Following the 2020 election, Stacey Abrams was compared to George Washington. To Moses. To God. Abrams is widely credited for organizing Georgia voters and getting out the vote, in spite of immense voter suppression that targets people of color. Thanks to her, pundits agreed, a state that hadn’t gone for the Democratic Party since 1992 helped hand Joe Biden the presidency and elevated two Democrats to the senate. The voice of the people of Georgia was heard at full volume, across the nation.

But Abrams made this clear: She did not do it alone. She was not a solitary hero. She did it, primarily, with Black women leaders. And their names are not to be erased.

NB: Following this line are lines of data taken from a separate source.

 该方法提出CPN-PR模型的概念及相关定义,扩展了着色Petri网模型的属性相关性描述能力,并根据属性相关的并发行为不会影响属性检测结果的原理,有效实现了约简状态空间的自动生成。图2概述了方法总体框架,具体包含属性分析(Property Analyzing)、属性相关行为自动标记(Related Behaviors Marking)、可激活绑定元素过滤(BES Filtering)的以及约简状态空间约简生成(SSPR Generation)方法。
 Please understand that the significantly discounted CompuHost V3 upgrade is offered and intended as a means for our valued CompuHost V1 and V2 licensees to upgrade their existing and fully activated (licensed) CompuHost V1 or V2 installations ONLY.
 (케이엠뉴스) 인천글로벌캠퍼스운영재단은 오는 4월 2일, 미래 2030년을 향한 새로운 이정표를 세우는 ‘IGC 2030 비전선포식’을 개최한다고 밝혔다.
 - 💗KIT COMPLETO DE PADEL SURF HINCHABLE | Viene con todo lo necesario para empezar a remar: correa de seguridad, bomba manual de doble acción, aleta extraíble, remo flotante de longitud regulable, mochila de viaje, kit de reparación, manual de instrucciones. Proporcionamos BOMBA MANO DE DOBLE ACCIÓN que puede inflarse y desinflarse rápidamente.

At the Glamour Women of the Year Awards held on November 8, Stacey Abrams honored some of the Georgia women responsible for activating true democracy in the 2020 election: LaTosha Brown, cofounder of Black Voters Matter Fund; Helen Butler, the executive director of the Georgia Coalition for the People’s Agenda; and Nsé Ufot, CEO of The New Georgia Project. These women, Abrams told the Women of the Year audience via video message, “helped build the infrastructure in Georgia that made the dream of flipping the state a reality.” Abrams credited Brown, Butler, Ufot, and their respective organizations with helping lead voters not from apathy, but from despair. “The work these women have led is critical because it showed Georgians that their votes are directly connected to the progress we want to see,” she said.

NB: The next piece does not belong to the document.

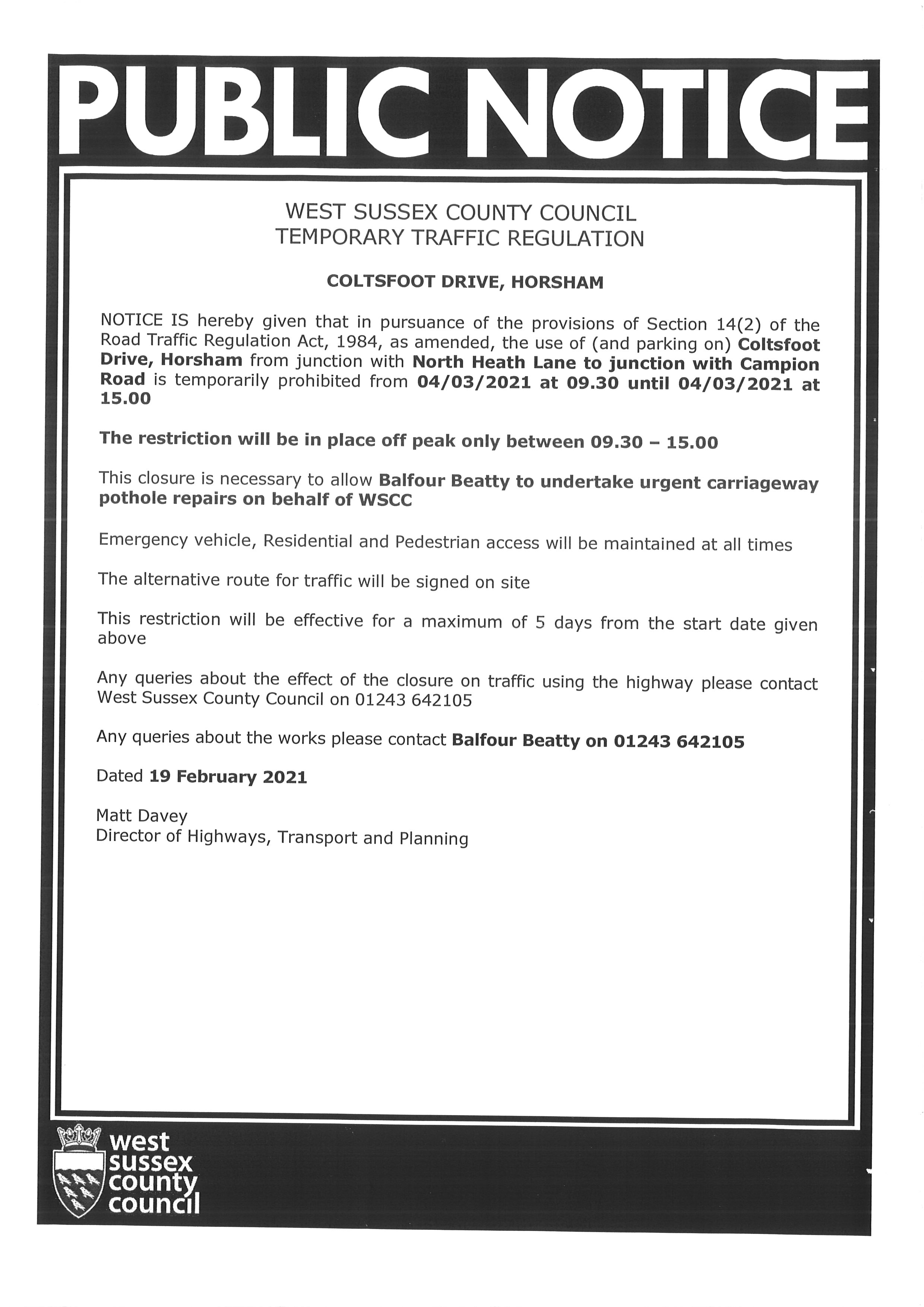 Share this: Click to share on X (Opens in new window) X Click to share on Facebook (Opens in new window) Facebook Like Loading... Temporary Traffic Regulation – Coltsfoot Drive 21 February , 2021 / northhorshamparishcouncil / Leave a comment

Brown kicked off the speeches, singing “This Little Light of Mine.” “We believe in something great and something better, but who can make it happen? Black people, and Black women; we get stuff done,” she said. 

“I would like to thank Glamour magazine for honoring, recognizing, and recording the work of women of color, especially Black women, who have for decades been working to fulfill the American dream of democracy for all as highlighted by the Statue of Liberty: ‘Give me your tired, your poor, and those yearning to be free,’” Butler said. 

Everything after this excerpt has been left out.